* [Your task] Without the pictures, copy all of the data exactly.

Data provided Block Start

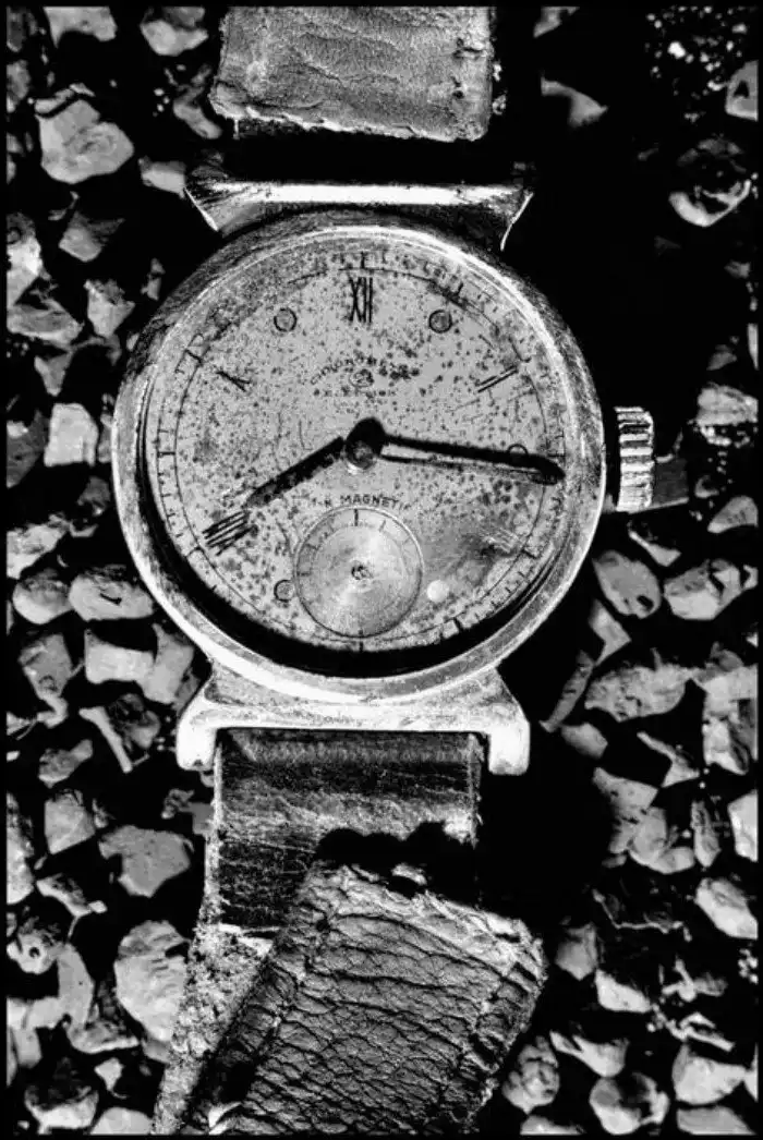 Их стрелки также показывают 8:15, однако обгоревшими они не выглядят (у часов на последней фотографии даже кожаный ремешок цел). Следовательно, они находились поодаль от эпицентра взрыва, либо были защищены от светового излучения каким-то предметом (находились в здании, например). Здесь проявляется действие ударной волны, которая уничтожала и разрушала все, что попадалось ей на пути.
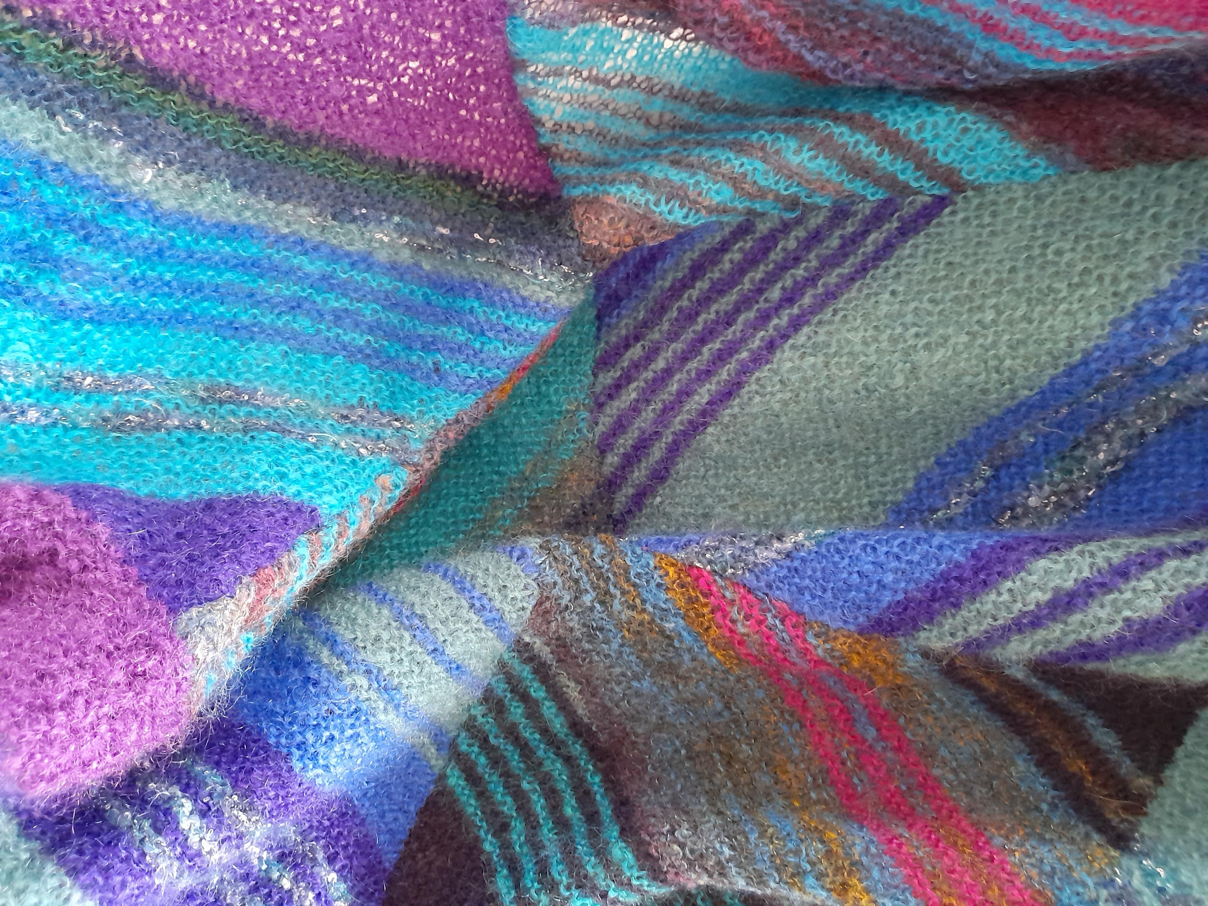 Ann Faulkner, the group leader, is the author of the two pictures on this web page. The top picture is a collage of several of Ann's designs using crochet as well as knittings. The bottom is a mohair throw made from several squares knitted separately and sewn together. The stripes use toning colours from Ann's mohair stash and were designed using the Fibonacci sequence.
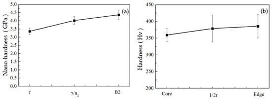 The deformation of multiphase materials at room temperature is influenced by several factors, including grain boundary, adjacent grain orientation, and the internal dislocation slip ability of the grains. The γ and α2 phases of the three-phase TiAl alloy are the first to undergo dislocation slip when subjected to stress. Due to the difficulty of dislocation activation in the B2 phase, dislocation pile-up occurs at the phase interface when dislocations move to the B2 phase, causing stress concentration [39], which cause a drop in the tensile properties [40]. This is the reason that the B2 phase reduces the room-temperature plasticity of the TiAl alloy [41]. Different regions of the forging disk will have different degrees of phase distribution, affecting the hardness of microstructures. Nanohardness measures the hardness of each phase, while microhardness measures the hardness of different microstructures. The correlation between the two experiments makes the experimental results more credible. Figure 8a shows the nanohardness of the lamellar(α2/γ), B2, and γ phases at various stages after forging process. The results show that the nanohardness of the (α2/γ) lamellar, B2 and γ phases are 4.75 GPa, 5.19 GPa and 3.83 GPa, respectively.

Data provided Block End

* [Result of this exercise]
 Их стрелки также показывают 8:15, однако обгоревшими они не выглядят (у часов на последней фотографии даже кожаный ремешок цел). Следовательно, они находились поодаль от эпицентра взрыва, либо были защищены от светового излучения каким-то предметом (находились в здании, например). Здесь проявляется действие ударной волны, которая уничтожала и разрушала все, что попадалось ей на пути.
 Ann Faulkner, the group leader, is the author of the two pictures on this web page. The top picture is a collage of several of Ann's designs using crochet as well as knittings. The bottom is a mohair throw made from several squares knitted separately and sewn together. The stripes use toning colours from Ann's mohair stash and were designed using the Fibonacci sequence.
 The deformation of multiphase materials at room temperature is influenced by several factors, including grain boundary, adjacent grain orientation, and the internal dislocation slip ability of the grains. The γ and α2 phases of the three-phase TiAl alloy are the first to undergo dislocation slip when subjected to stress. Due to the difficulty of dislocation activation in the B2 phase, dislocation pile-up occurs at the phase interface when dislocations move to the B2 phase, causing stress concentration [39], which cause a drop in the tensile properties [40]. This is the reason that the B2 phase reduces the room-temperature plasticity of the TiAl alloy [41]. Different regions of the forging disk will have different degrees of phase distribution, affecting the hardness of microstructures. Nanohardness measures the hardness of each phase, while microhardness measures the hardness of different microstructures. The correlation between the two experiments makes the experimental results more credible. Figure 8a shows the nanohardness of the lamellar(α2/γ), B2, and γ phases at various stages after forging process. The results show that the nanohardness of the (α2/γ) lamellar, B2 and γ phases are 4.75 GPa, 5.19 GPa and 3.83 GPa, respectively.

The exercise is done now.